One more week and off she flies, out of this country. Oddly, I am stoic or may be even looking forward to her disappearance from my life, contrary to all those times when I cried and made a hue, begging her not to leave. Eight years ago when we met, I had no idea that we would go anywhere and when our relationship took off, I never thought she would leave.
She didn’t want labels, didn’t want to understand anything and I obliged, because she was the light of my life. Two years hence she was talking to a ‘guy’ and I frowned a little but said nothing then. Soon things started getting out of control.
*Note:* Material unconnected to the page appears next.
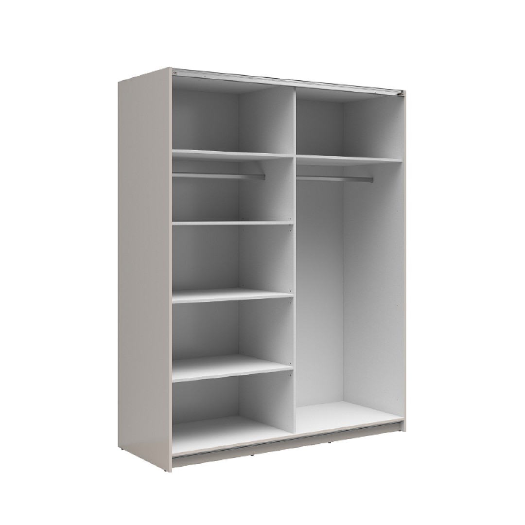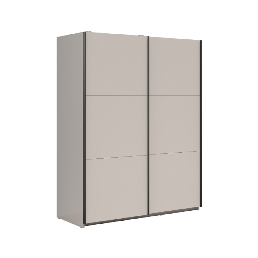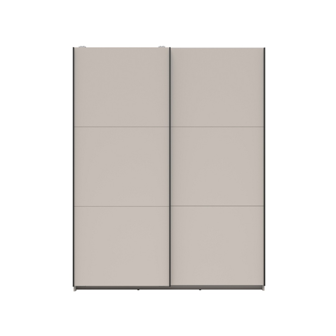 Barevné provedení skříně je v tónu kašmír, který je velice populární. Tato barva vnáší do interiéru teplý a harmonický nádech. V nabídce také v dalších provedeních viz barevné varianty. Vnitřek je potažený plátnem v šedém tónu. Pro uložení oděvu jsou k dispozici ve skříni šatní tyče a police. Police je možné kdykoliv vyjmout a mít tak pouze šatní tyče pro zavěšení košil, bund nebo kabátů.

I asked her if she wanted a guy. She denied, she doesn’t agree even today after having married one. I said, “I understand and it is important that you tell me what it is and I will step aside and be there in whichever way you need me.” Ah! But accepting that meant she was in the wrong and she made a hue for questioning her loyalty. I knew something was amiss and I wanted to get to the bottom slowly and work around it. At the same time, I did not want to assume and take decisions just because I had a hunch. I wanted her to give a nod and did not want to hurt her. My biggest evidence came when she accidentally sent texts to me, which were meant for someone else. Naturally the same questions followed same denials. I believed her again miraculously, and as time passed, she moved out of town for work and then began her conversations. This time with my stubborn arguments, she could not hide/escape so she said that she couldn’t help herself and she wanted me to come down and that my absence made her do things. I knew where it was heading and I told her to take her own time, have her space and decide ‘coz, “If I come, you stay; I am not around, you change.”
Oh yes she made a decision, and it was to listen to her parents and get married. I was shocked and did not know what to say. I watched silently as things unfolded; the most interesting part was she expected me to love her, and be there for her while she married someone else. Then a few months later, it was her wedding day. I stayed away until then but I thought for old times’ sake, I should be by her side. I went and I felt terrible, but I asked her before I left; so can I move on now? She finally had a reply – yes, I suppose so. I told her, “I have nothing against you and am happy for you”, and left. We spoke on and off until she quit and arrived in town two months before she planned to leave the country. I did not want to do anything with her but she whined, asked and gave statements, and I gave in. The drama unfolds further. She said I left her. She also said she loved/ loves/ will love me. After a while I told her, “I do not want to do this anymore and you should let me be”, and there came the much awaited dialogue “We will do as you want”. Really? Her persistent calls and crying stopped the day her man arrived in town. How interesting, I thought. I was done arguing. I did not expect her to be honest. I wondered how she could change someone who would have done anything for her, to someone who could only criticise her. There was this time when she meant so much to me that her absence just killed me. I spent the longest nights pacing up my hall, waiting for her to wake up and return my calls. I do not blame her, I just feel that all that drama and time and emotions deserved some respect and a little courage to look inwards would have helped us all.
I wonder who I am now. Gay? Or did I think I was one. Am I Straight? Or did I learn to think that I am supposed to be someone over these eight years. All I know is that I have been gay without a care. Somewhere in these last few years, I wanted to make her jealous but couldn’t really and there was a time when I told myself; I am going to have a better partner and a wedding. I wonder what I meant when I uttered those words. Now I am scared if I lost a lot more than love.